Former President Donald Trump has several viable avenues to have the Supreme Court throw out federal charges he’s facing for his efforts to challenge the results of the 2020 election, several lawyers and Constitution experts told The Epoch Times.
His best case is that the charges encroach on his First Amendment rights, but he might also successfully assert presidential immunity or argue the law was impermissibly stretched by prosecutors, the experts said.
President Trump was charged by Special Counsel Jack Smith on Aug. 1 with obstructing electoral vote counting by Congress on Jan. 6 and conspiring to do so in order to stay in power.
The conspiracy was allegedly carried out by spreading false claims that fraud and illegalities swayed the election outcome and using those false claims in attempts to convince various officials to overturn the results.
President Trump’s lawyers have launched a barrage of motions to have the charges dismissed on constitutional grounds, statutory grounds, due to presidential immunity, and for malicious prosecution. While some of the claims are weak at best, others appear persuasive, according to the experts.
In practice, however, President Trump’s arguments will need to convince his judge, the appeals court, or, in the final instance, the Supreme Court.
The experts predict that the District of Columbia federal judge on the case, Tanya Chutkan, will almost certainly deny all the motions to dismiss. On Dec. 1, she indeed denied about half of them. They also acknowledged that the arguments would likely encounter resistance in the D.C. Circuit Court of Appeals, given its political leanings.
President Trump’s best chance will be in the Supreme Court, they contend.
Free Speech Argument
President Trump’s lawyers have asserted that the indictment runs afoul of the First Amendment by trying to criminalize political speech and advocacy.
“The prosecution seeks to install itself as America’s censor, with roving authority to criminally prosecute all who speak out against its approved narratives,” the lawyers wrote in a Nov. 22 brief.
“The prosecution has no such mandate. Accordingly, the indictment is unconstitutional on its face and must be dismissed.”
If prosecutors can claim that President Trump’s efforts to reverse election certifications amounted to a conspiracy to obstruct the government, then people advocating against other government actions, such as COVID-19 lockdowns or mask mandates could also face such charges, the lawyers argued.
The prosecutors retorted that such hypotheticals wouldn’t apply “absent additional information about the conduct and mental state of the individuals.”
But if that’s the case, the defense lawyers responded, it would give the government a license to probe said individuals for such additional information—”inquire into their mental state, knowledge, and associations.”
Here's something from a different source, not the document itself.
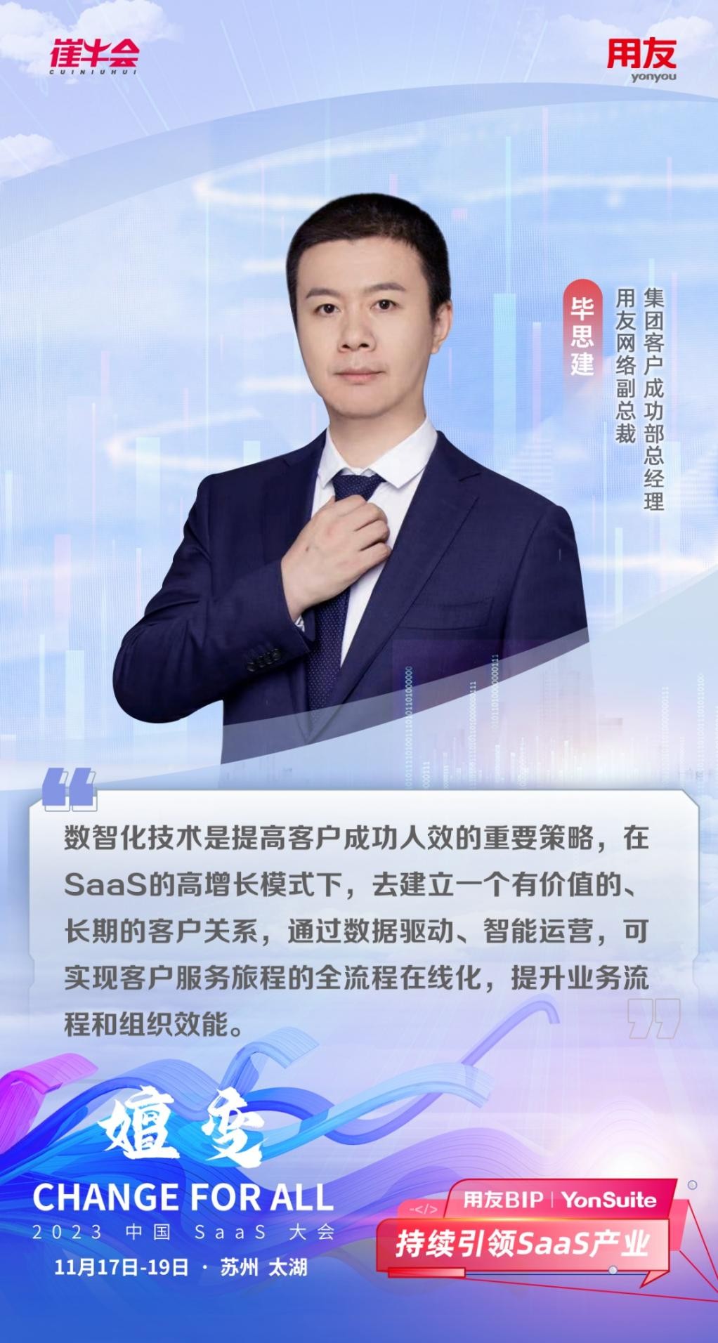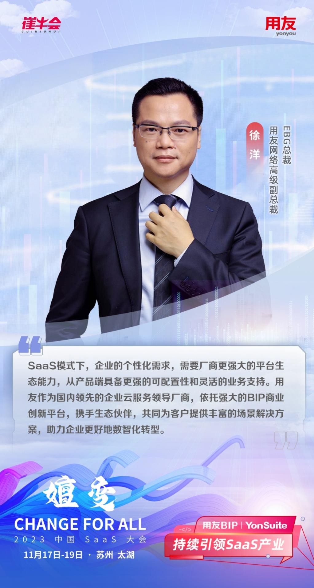 大會(huì)吸引了中國(guó)SaaS行業(yè)的頂尖企業(yè)和重量級(jí)領(lǐng) 袖,圍繞產(chǎn)業(yè)的未來發(fā)展和技術(shù)變革等關(guān)鍵話題進(jìn)行了深入的交流和探討。作為中國(guó)SaaS產(chǎn)業(yè)的領(lǐng) 軍者,用友受到主辦方的盛大邀請(qǐng),用友網(wǎng)絡(luò)董事長(zhǎng)兼CEO王文京、用友網(wǎng)絡(luò)高級(jí)副總裁 EBG總裁徐洋、用友網(wǎng)絡(luò)副總裁 集團(tuán)客戶成功部總經(jīng)理 畢思建、用友網(wǎng)絡(luò)助理總裁 YonSuite營(yíng)銷中心總經(jīng)理 張磊出席了此次盛會(huì),為現(xiàn)場(chǎng)嘉賓帶來寶貴的行業(yè)經(jīng)驗(yàn),同時(shí)也展示了用友在業(yè)界絕對(duì)的領(lǐng)軍地位和持續(xù)創(chuàng)新的能力。

“The implication is that to get that information, investigation is necessary. Under the prosecution’s misconceived legal theories, then, every public statement a constituent makes to a member of Congress concerning a hotly debated topic is a license to open a federal criminal investigation into the person who made it—unless it is indisputably true,” the lawyers said.
“That, of course, contradicts the very nature of hotly debated topics, where the truth is, by definition, in dispute.”
This argument appears “sound” to Rob Natelson, one of America’s preeminent constitutional scholars who’s written extensively on the original meaning of the Constitution and the First Amendment in particular, including for The Epoch Times.
“Lying is protected by the First Amendment, except in a few cases such as fraud, lying to law enforcement, and defamation,” he said.
“It has to be so: Otherwise, as Trump’s lawyers claim, every statement would be open to investigation into the speaker’s motives. The effect would be, as the Supreme Court says [in previous cases], a severe ‘chilling effect’ on speech.”